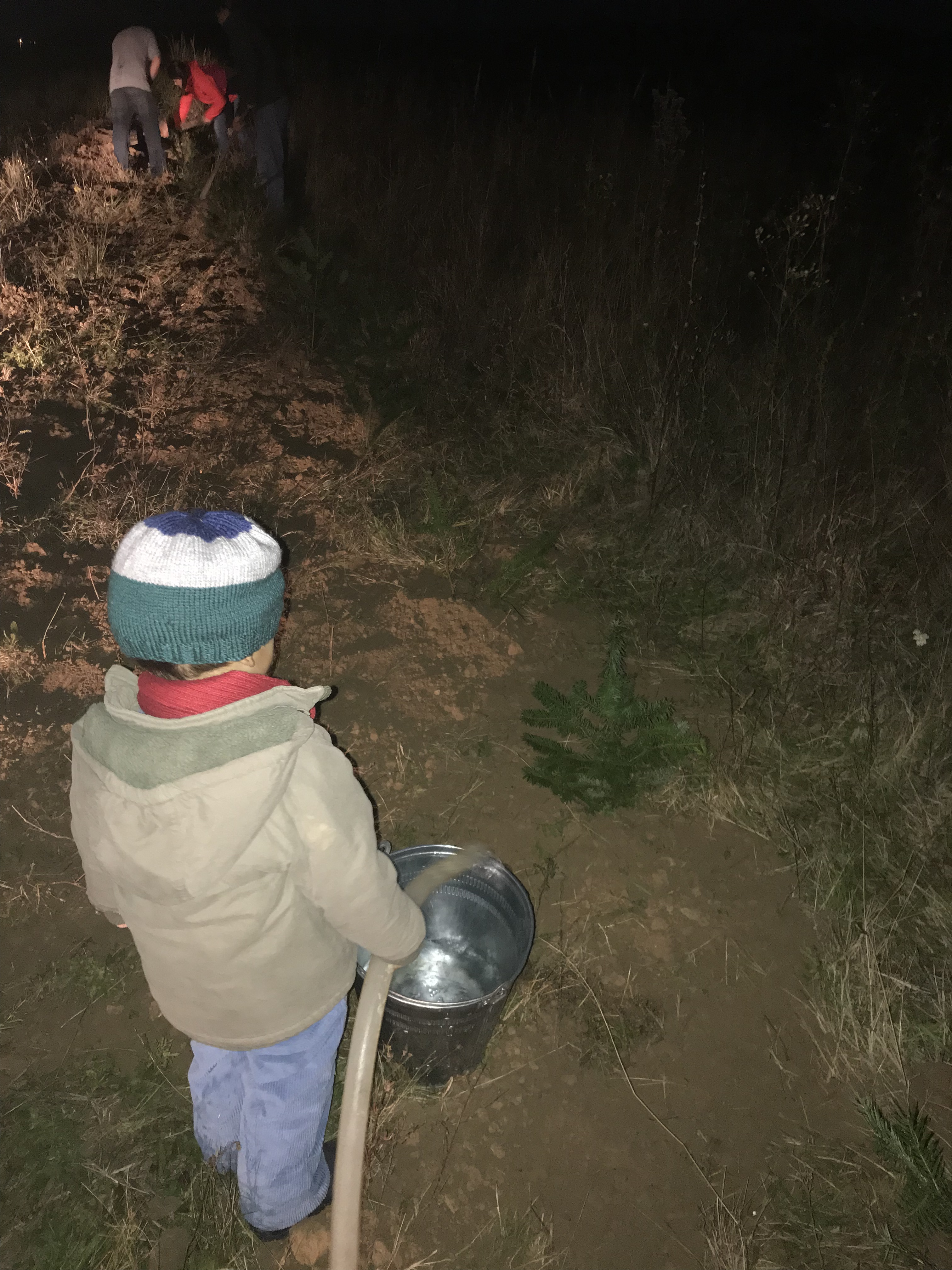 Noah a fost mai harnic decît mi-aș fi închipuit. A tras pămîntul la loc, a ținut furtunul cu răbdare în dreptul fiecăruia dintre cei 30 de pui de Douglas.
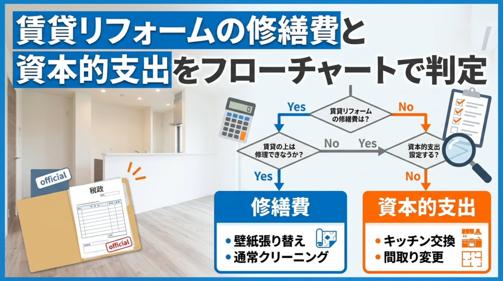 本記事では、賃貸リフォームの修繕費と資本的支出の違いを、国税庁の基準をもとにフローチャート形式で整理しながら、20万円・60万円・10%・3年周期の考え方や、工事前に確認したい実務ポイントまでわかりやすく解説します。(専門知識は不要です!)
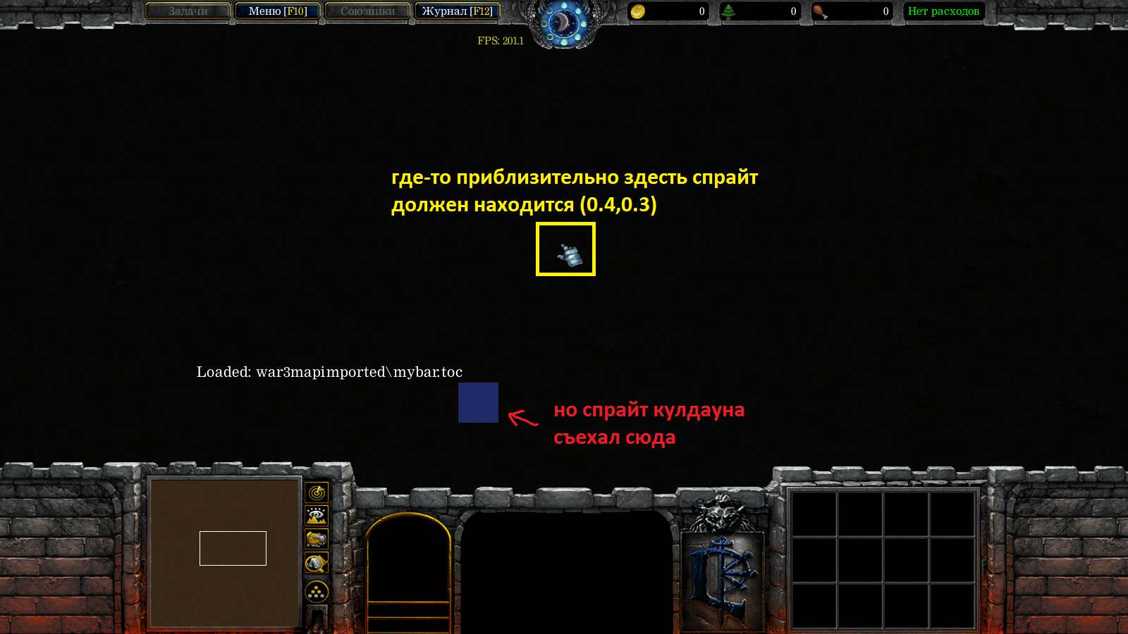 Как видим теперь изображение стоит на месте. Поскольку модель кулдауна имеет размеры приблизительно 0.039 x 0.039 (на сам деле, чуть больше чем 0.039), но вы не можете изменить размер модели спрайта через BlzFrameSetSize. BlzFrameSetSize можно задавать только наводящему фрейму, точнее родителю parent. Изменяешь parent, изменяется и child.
________________________
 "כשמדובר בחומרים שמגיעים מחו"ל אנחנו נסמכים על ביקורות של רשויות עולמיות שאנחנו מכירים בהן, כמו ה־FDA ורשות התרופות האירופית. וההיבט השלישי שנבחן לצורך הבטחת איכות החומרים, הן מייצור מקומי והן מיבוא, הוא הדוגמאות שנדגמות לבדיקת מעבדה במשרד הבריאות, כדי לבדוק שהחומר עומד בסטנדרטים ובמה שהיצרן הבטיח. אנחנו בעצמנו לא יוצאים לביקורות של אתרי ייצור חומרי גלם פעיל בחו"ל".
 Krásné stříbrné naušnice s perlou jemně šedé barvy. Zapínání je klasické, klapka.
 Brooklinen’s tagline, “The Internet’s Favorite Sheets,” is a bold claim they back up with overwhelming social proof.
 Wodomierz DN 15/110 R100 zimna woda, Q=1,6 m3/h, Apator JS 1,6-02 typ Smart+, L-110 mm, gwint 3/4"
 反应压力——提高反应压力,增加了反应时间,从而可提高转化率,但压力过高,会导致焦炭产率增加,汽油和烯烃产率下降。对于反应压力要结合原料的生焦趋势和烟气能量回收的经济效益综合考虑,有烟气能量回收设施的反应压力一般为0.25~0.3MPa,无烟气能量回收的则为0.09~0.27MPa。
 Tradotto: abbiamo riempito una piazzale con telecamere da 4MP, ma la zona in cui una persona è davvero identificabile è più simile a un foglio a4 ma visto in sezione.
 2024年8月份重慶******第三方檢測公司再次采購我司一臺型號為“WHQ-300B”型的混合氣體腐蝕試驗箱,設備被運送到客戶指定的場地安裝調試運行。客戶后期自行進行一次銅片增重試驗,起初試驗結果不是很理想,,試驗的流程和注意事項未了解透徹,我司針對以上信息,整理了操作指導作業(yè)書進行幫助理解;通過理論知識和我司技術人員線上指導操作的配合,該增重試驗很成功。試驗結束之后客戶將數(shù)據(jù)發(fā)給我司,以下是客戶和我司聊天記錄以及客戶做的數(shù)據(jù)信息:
________________________
### WHAT IS EXPECTED
An exact copy is needed of the stretch above that opens with the line containing "Noah a fost" and closes with the line containing "Как видим теперь"; the pictures are not part of it.

### ANSWER FOR THE TASK
 Noah a fost mai harnic decît mi-aș fi închipuit. A tras pămîntul la loc, a ținut furtunul cu răbdare în dreptul fiecăruia dintre cei 30 de pui de Douglas.
 本記事では、賃貸リフォームの修繕費と資本的支出の違いを、国税庁の基準をもとにフローチャート形式で整理しながら、20万円・60万円・10%・3年周期の考え方や、工事前に確認したい実務ポイントまでわかりやすく解説します。(専門知識は不要です!)
 Как видим теперь изображение стоит на месте. Поскольку модель кулдауна имеет размеры приблизительно 0.039 x 0.039 (на сам деле, чуть больше чем 0.039), но вы не можете изменить размер модели спрайта через BlzFrameSetSize. BlzFrameSetSize можно задавать только наводящему фрейму, точнее родителю parent. Изменяешь parent, изменяется и child.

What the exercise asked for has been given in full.